Mr. Blinder is a Keynesian, that is, someone who believes that the federal government should use
fiscal policy—changing taxes and government spending—to stabilize the aggregate demand for
goods and services. He therefore favored the stimulus policy that President Obama adopted his
second month in office. Mr. Obama had the government increase spending in order to create more
demand for goods. But Mr. Blinder is relatively unconcerned about whether the money was spent
on valuable items. He has what I call the "GDP fetish"—the belief that increases in GDP are good
whether or not they represent increased production of things that people actually value.
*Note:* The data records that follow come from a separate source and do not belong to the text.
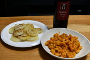 ミートソース絶品だよ。マカロニは脱グルテンだよ。豆のマカロニ。
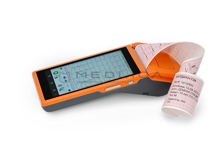 - Состоит из электрокардиографического преобразователя и карманного персонального компьютера (КПК) в виде планшета c цветным сенсорным дисплеем и со встроенным термопринтером
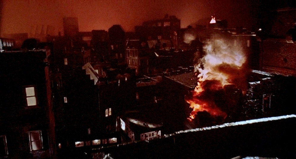 «Вот уже 10 лет ночь перед Хэллоуином называют в нашем городе другим страшным именем – Ночью Дьявола. Она превратилась в ежегодную казнь огнем. В прошлом году было отмечено более 200 пожаров. В огне погибло 11 человек…», – вещает перепуганный диктор с телеэкрана (кадр из фильма).
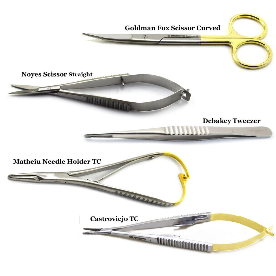 Kit Básico de Microcirugía, Pinzas Portaagujas Quirúrgicas Castroviejo, Tijeras Dentales
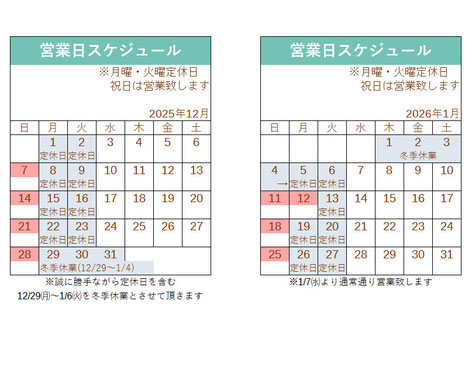 定休日:平日の月曜・火曜日(祝日は営業致します)
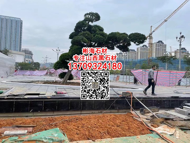 印度黑金沙廣場(chǎng)噴泉水池水景工程黑金砂石材水景景觀石
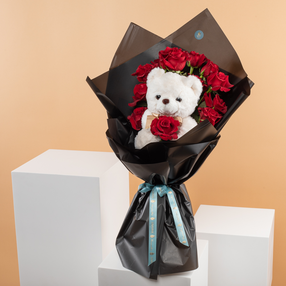 Surprise Someone Special With Savanna’S Bouquet, Featuring 10 Red Roses And A Soft Teddy Bear, All Wrapped In Elegant Black. A Perfect Gift To Express Love And Warmth. Order Now On Savanna And Make Any Occasion Unforgettable With This Charming And Thoughtful Gift!
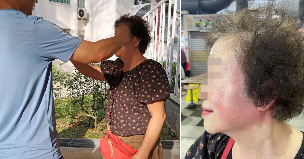 S'pore woman, 75, allegedly assaulted & spat on by man at Mayflower Market & Food Centre after asking him to give way The elderly woman's family hopes witnesses of the incident can come forward. An elderly woman, 75, was assaulted by a male stranger after she asked him to give way. The incident happened at Mayflower Market and Food Centre on Oct. 11 at around 9am. By speaking to the media, Yong Mou Chung's family hopes witnesses can come forward to assist in police investigations. What happened According to Yong's family, Yong placed her grocery trolley next to a table in front of a fishball stall. After buying coffee, she returned to the table to collect her trolley, only to find a woman sitting there with a stroller next to it. The alleged assailant was standing there too. Yong politely asked them to give way, but the man got angry and scolded her, asking if she was blind. Yong said that the man used Hokkien vulgarities at her and even spat in her face twice. Yong asked why he had to be so rude and wanted an apology from him. At this point, the woman was already pulling the man away, Yong recounted. However, she said the man not only did not apologise but also kicked and pushed her. Yong tried to shield herself with her hand, and in doing so, she spilt her coffee on him. Enraged, the man punched Yong's face, and the impact caused her to fall to the ground.
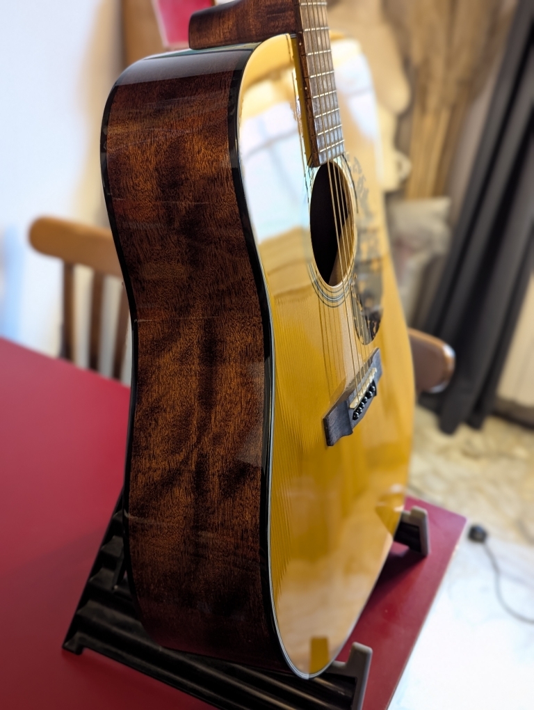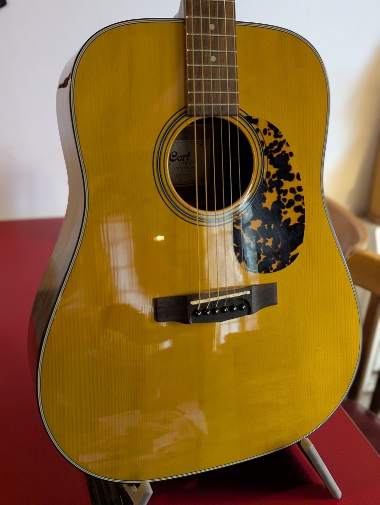 Le haut de gamme de la série Earth de chez Cort (gamme vintage), toute massive.Modèle ouvertement inspiré par la J45 de chez Gibson et on est nettement dans la même famille de son et pour le prix, c'est surprenant.
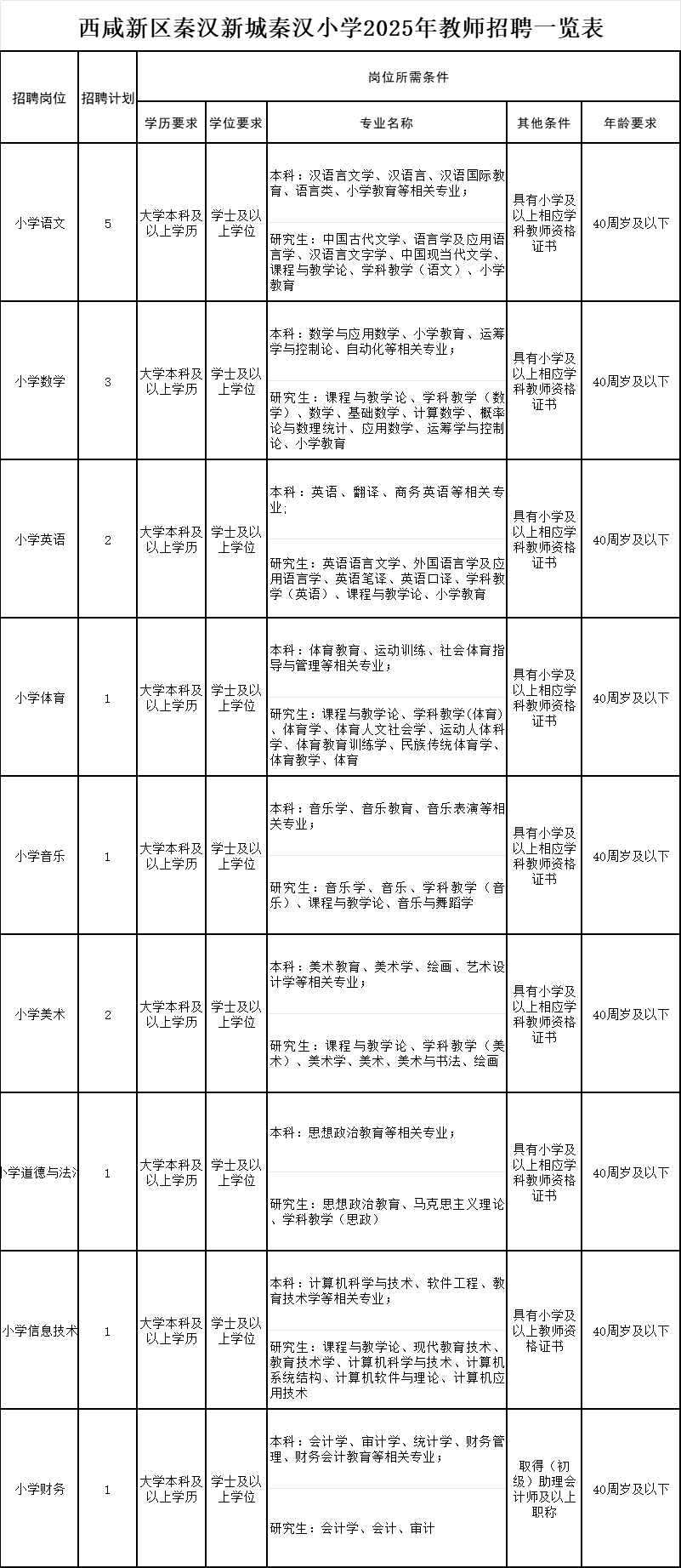 小學(xué)語文:5人、小學(xué)數(shù)學(xué):3人、小學(xué)英語:2人、小學(xué)體育:1人、小學(xué)音樂:1人、小學(xué)美術(shù):2人、小學(xué)道德與法治:1人 、小學(xué)信息技術(shù):1人、財務(wù):1人。

If the
government spends $100 billion digging holes and then filling them back up, then GDP can rise by
$100 billion or more even if the $100 billion is totally wasted. Some stimulus projects, in fact, are
little better than hole-digging. One example I noted on a recent visit to Detroit is the tearing up of
sidewalk corners to make them wheelchair-friendly, even though the sidewalks themselves have
so many craters that people in wheelchairs use the roads instead. With his faith in government
intervention, Mr. Blinder sees the corners but not the craters.
—Mr. Henderson is a research fellow with the Hoover Institution and
an economics professor at the
Naval Postgraduate School in Monterey, Calif.
A version of this article appeared January 19, 2013, on page C5 in the U.S. edition of The Wall
Street Journal, with the headline: When the Rain Came Down.